OM in the News: Skilled Work Without the Worker (with Video)

Robotics is just one  topic in our treatment of  technology in Chapter 7, but yesterday’s lead article in the New York Times (Aug. 19, 2012) called “Skilled Work Without the Worker” is worth sharing with your class. The point is that robots have become a lot more sophisticated in the past 2 decades and are now capable of doing very detailed work that only humans could do just a short time ago.

Tesla foctory robots perform not one, but 4 functions at the California auto plant

The piece begins by describing two Philips Electronics factories–one in China (where hundreds of workers hand assemble electric shavers)– and the other in Holland (where 128 robots  do the same work, guided by video cameras). The Dutch factory  has several dozen workers per shift, about a tenth as many as the plant in China. And the robots there work, of course, without a coffee break — three shifts a day, 365 days a year.
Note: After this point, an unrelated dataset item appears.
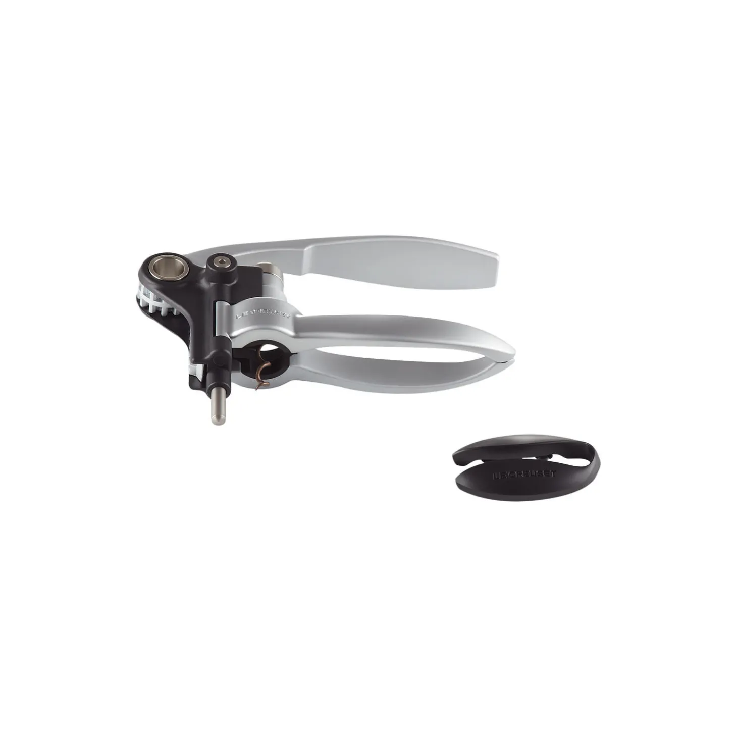 Selvoptrækkende proptrækker med folieskærer i metal og non-stick belægning fra Le Creuset.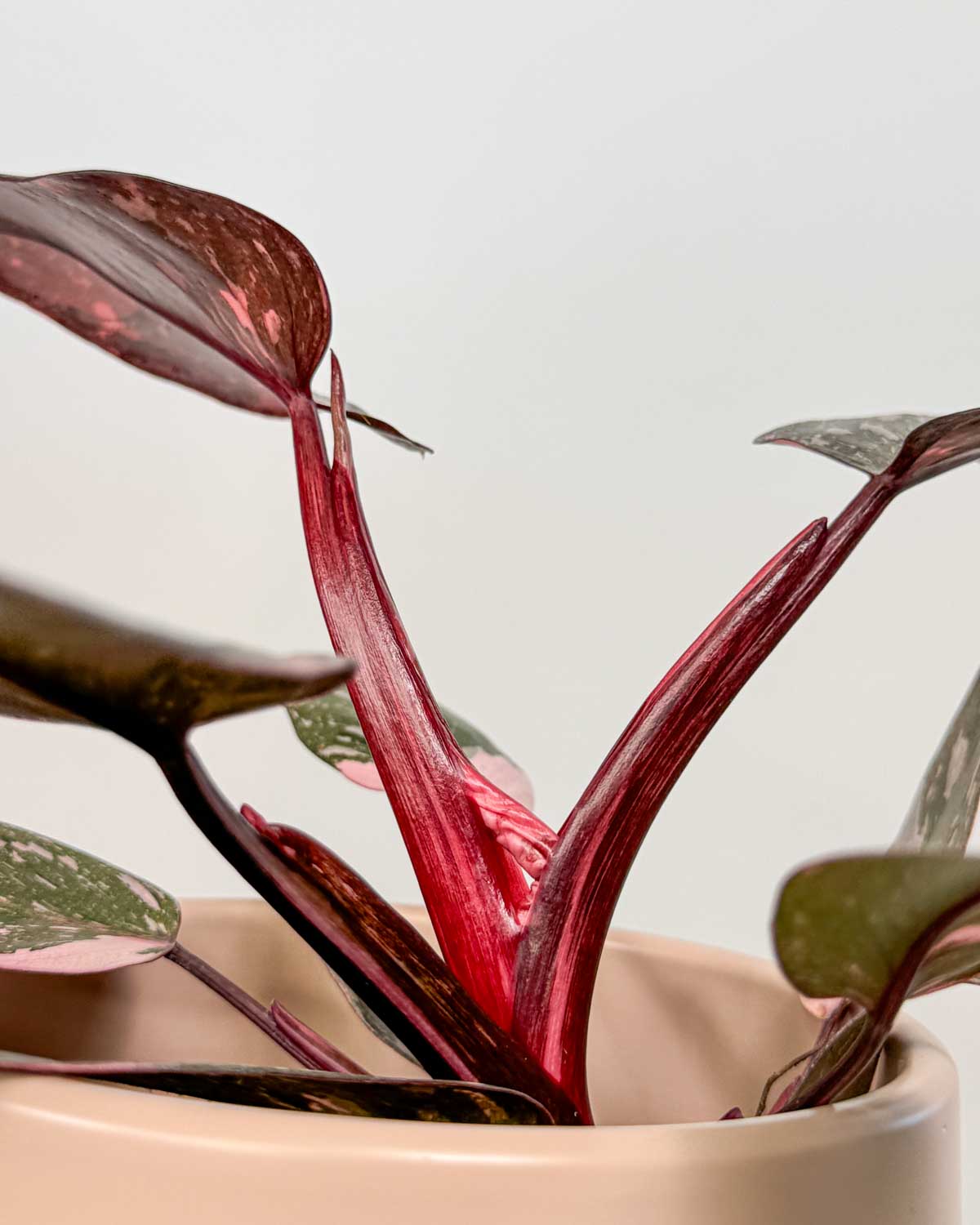 Jsem Filodendron ‚Pink Princess‚ (Philodendron) a patřím mezi vzácnější a velmi vyhledávané rostliny – jsem totiž uměle vyšlechtěný hybrid, který vznikl v 70. letech křížením dvou druhů filodendronů. Moje růžové panašování není náhoda, ale výsledek genetické mutace, díky které získávám svůj jedinečný vzhled.

This is the future, says The Times. A new wave of robots is replacing workers around the world in both manufacturing and distribution. Factories like the one  in the Netherlands are a striking counterpoint to those used by Foxconn , which employ hundreds of thousands of low-skilled workers to make Apple products. Foxconn’s chairman, Terry Gou, has publicly endorsed a growing use of robots. Speaking of his more than one million employees worldwide, he recently said: “As human beings are also animals, to manage one million animals gives me a headache.”

With examples ranging from Boeing’s use of robots on the 787,  to C&S Wholesale Grocers fully automated warehouse, to a California organic farmer who uses them to pack lettuce, this exciting OM technology makes for a good discussion in many chapters of our text. The 4 minute video that accompanies the article is also well done.

Discussion questions:

1. Why have robots become a more powerful force in recent years?

2. What are the plusses and minuses of the new revolution?